So you want to write the great Canadian novel

You’re retired, and your friends have been telling you for years that you should write a book about the uproariously funny situations only a klutz like you could fall into, or the tales that have haunted your family for generations. Or you want to write the great Canadian novel, and isn’t it about time somebody did?

This next part should give you pause. St. Thomas writer Lynne Penner held a book launch in December for her first novel, after nine or 10 years of writing, rewriting, sending the manuscript out for publication, getting it back, rewriting. Nine or ten years!

However, a retired individual has more time for writing, correct? Possibly true, as long as you ignore grandchildren, coffee with the boys or girls, the honey-do list and the ever-present need for naps.

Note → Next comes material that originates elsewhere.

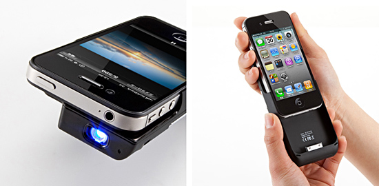 ケースのようにスライドしてiPhoneに装着する。Dockコネクタと接続して、iPhone内のスライドショーや動画の投影をはじめ、YouTube、GoodReader、Keynoteの図や動画を投影できる。明るさは最大12ルーメン。ピントや音量調節は、片手で行うことができる。スクリーンサイズは7~65インチで、解像度は640×360。

If you do squeeze in the time, you will discover that publishers, fools that they are, will reject a “this happened, then that happened” narrative. That’s kind of how life’s lived, so if fiction or memoir is to be life-like and believable, shouldn’t art imitate life?

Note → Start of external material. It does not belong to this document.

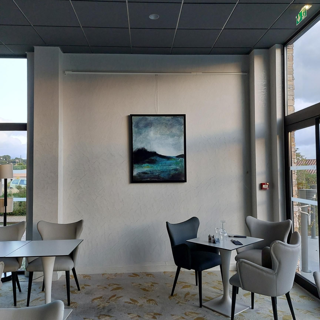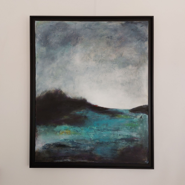 Peinture Acrylique sur Toile, 100cmx80cm, 2023, Paysage marin, bleu, noir. Vendu encadré (caisse américaine noire). Livré avec Certificat d'authenticité. Création originale Patricia DELORME Artist

Apparently “they”, whoever they are, expect plot, character and setting. They may even be expecting a theme, and rumour has it that Uncle Louis getting into the grape every Christmas and spewing off-colour jokes doesn’t cut the muster. Or should that be mustard? Questions like that haunt the dedicated scribe.

If you’re in it to become an aging chick-magnet, think of it this way: How sexy would you find somebody who spends, oh, five hours a day alone in sweats, not smelling all that aromatic because they had to get started while the inspiration struck them and didn’t shower, only to emerge from their lair groaning about writer’s block, too strung-out to do anything but, well, drink. When a significant other reads the first draft from this foul-smelling genius-in-the-making and spots the real-life identity of the sexless, aging former love interest, they themselves may reach for the bottle. Or a sharp knife.

Complete books have been written about the love affairs between writers and alcohol. Actually, another book along those lines might sell better than the average novel or memoir. According to the Writers’ Union of Canada, the incomes of Canadian writers has dropped 78 per cent since 1998. It’s a miracle any writer can afford a pint.

To paraphrase some immortal bard: It’s a million seller … I’ve got a million in my cellar.